核心修复：修正虚拟专家内核，保留负 sentinel 并添加 sentinel 桶处理 torch.compile 回退。

```python
# _fused_virtual_topk_ids_kernel 片段
base = tl.load(topk_ids_ptr + offs, mask=valid, other=0)
# 保留负 sentinel：若 base < 0，则保持不变
shifted = base + safe_lora * num_experts_for_weight
result = tl.where(base < 0, base, shifted)
tl.store(virtual_topk_ids_ptr + offs, result, mask=valid)

# _align_block_size_torch 片段
valid_mask = (flat_topk_ids >= 0) & (flat_topk_ids < num_experts)
safe_topk_ids = torch.where(
    valid_mask,
    flat_topk_ids,
    torch.full_like(flat_topk_ids, sentinel),  # 无效 ID -> sentinel 桶
)
bucket_count = num_experts + 1  # 增加 sentinel 桶
sorted_order = torch.argsort(safe_topk_ids)
sorted_expert_ids = safe_topk_ids[sorted_order]
# sentinel 桶的块保持 -1 标记，消费内核会跳过

```

# 评论区精华

该 PR 无实质性 review 讨论，获得直接批准。设计决策（如与 #23632 的关系、性能影响评估）已在 PR body 中说明。主要考量包括兼容性（`ep==tp` 或 `ep==1` 时无变化）和虚拟专家内核的执行开销（一个额外 `tl.where` 和少量元素级操作，<1% 开销）。

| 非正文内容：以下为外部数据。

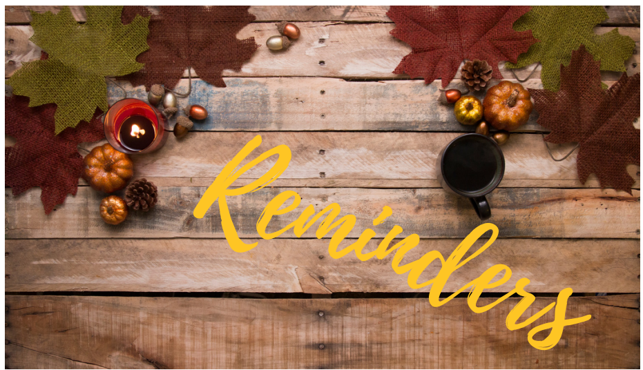
Text and photo by Norma Rushing

Sisters who have had COVID 19 Surgery Falls Family deaths Active Classroom Teachers
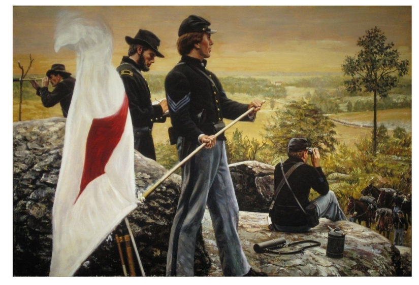
Signals from Little Round Top, A painting by Don Stivers

On the last day of The Great Gettysburg Reunion of 1913, thousands of visitors boarded trains and got into their automobiles to head home. About one hundred veterans stayed behind. They were members of the now well established Signal Corps. There were two Signal Stations set up; One on Little Round Top; The other on Seminary Ridge. These men, who were a combination of Confederate and United States Veterans, proceeded to send messages across the fields using their signal flags just as they had done 50 years before. The final line that wig-wagged across the fields that afternoon:
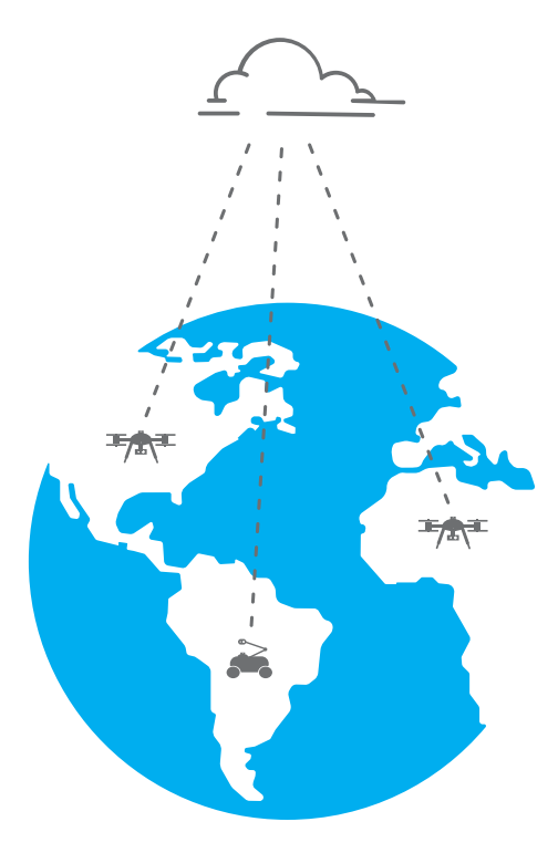
MULTIPLE UAVS & UGVS IN SEVERAL LOCATIONS
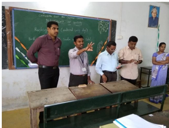
National Integration Day Celebration 2014 & 2018 (Vallabhbhai Patel birth anniversary)
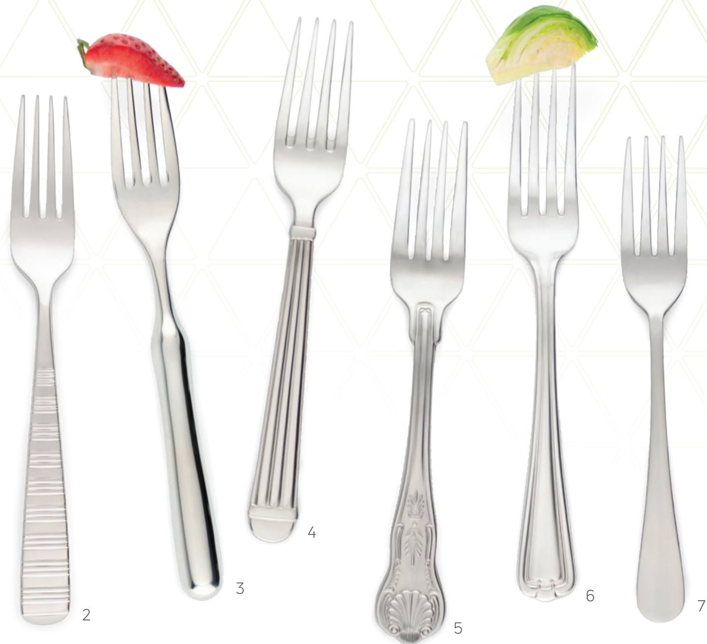
1. Equity 2. Galileo 3. Balencia 4. Aegean 5. Kings 6. Fairfield 7. Deluxe Windsor
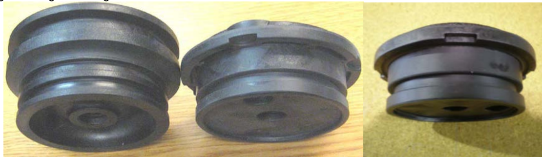
New Style End Cap (From Kit P/N 3025788)
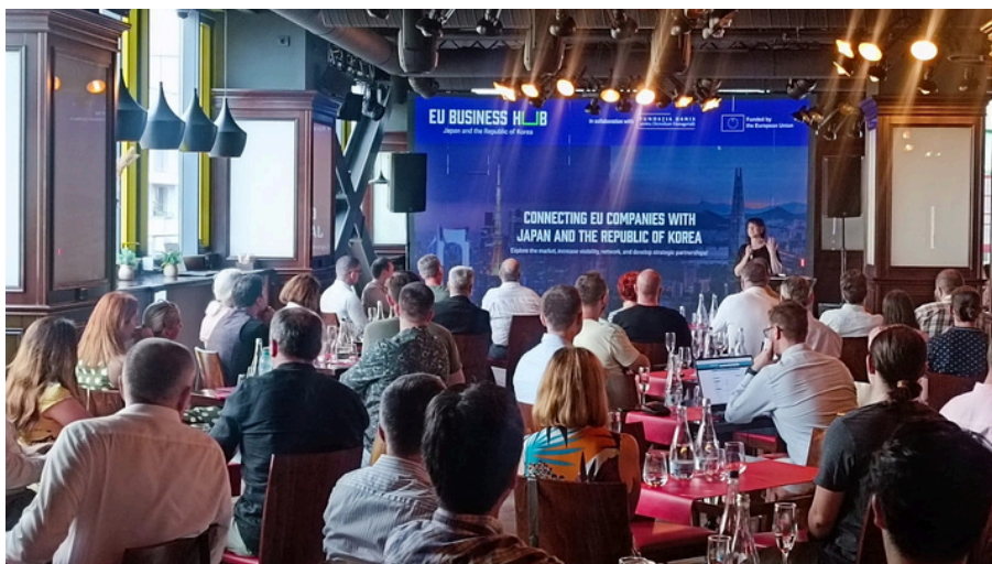
Photo: EU HUB launch event, in Cluj-Napoca., June 2024
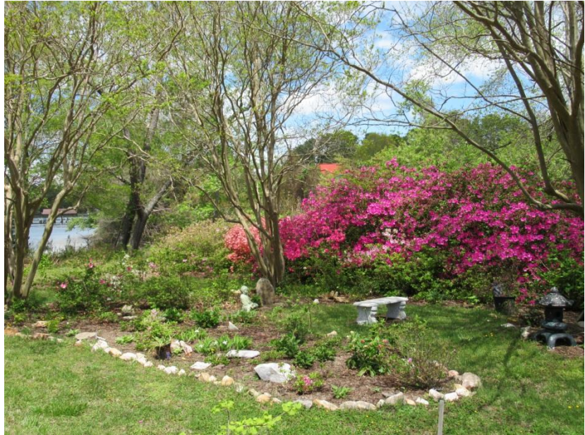
Formosa and other azaleas in the Bauer Garden
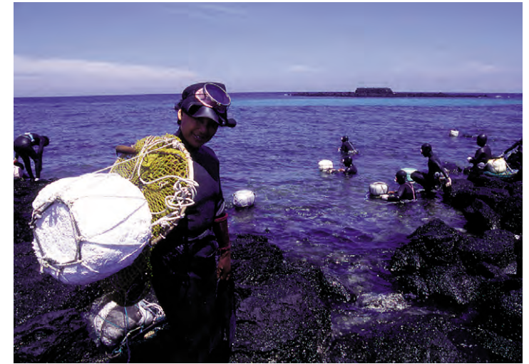
Jeju haenyeo at work

Until very recently, the livelihood of Jeju people was based on dry farming and fishing. Rice paddies are so few here that their role in the regional economy is meager. The fishing

- Review 讨论 (other): 无需变更，直接合并。

# 风险与影响

- 风险：变更涉及核心调度和内存路径，可能影响以下方面：
 1) `mem_pool.py` 的 active_target_modules 过滤依赖 `isinstance` 判断，若存在未知的 `FusedMoEWithLoRA` 子类未覆盖，可能导致模块被意外跳过；但现有测试覆盖常规子类。
 2) 虚拟专家内核的哨兵桶增加一个额外桶，但桶计数从 `num_experts` 变为 `num_experts+1`，消费者内核需支持此变化；根据现有 `if off_expert == -1: return` 逻辑，哨兵桶的块保持 -1 标记，不会引起问题。
 3) 作者声明在 `tp=4 ep=2` 和 `tp=4 ep=1/4` 上已验证，但未在其他 GPU 架构测试，存在潜在兼容性风险。整体风险较低。
- 影响：影响范围：
 1) 用户：使用 Expert Parallelism + LoRA 的用户，尤其是混合架构模型（如 Qwen3.5），将不再遇到适配器加载崩溃和推理错误。
 2) 系统：新增一套 GPU 单元测试（约 12s），不增加运行时开销。
 3) 团队：回退到旧逻辑的证据是测试覆盖的关键点，为后续维护提供信心。
 - 风险标记：核心路径变更 , 虚拟专家内核修正 , 新增过滤逻辑

# 关联脉络

- PR #23632 Qwen 3.5 LoRA support: 相关：该 PR 是 #23632 的子集，专注于 EP 正确性修复，独立于 Qwen3.5 包装器。
- PR #23594 LoRA support for qwen3.5 and nemotron3: 相关：#23594 已合并，提供了 Qwen3.5 的广义 n-slice 路径，使本 PR 无需额外包装器。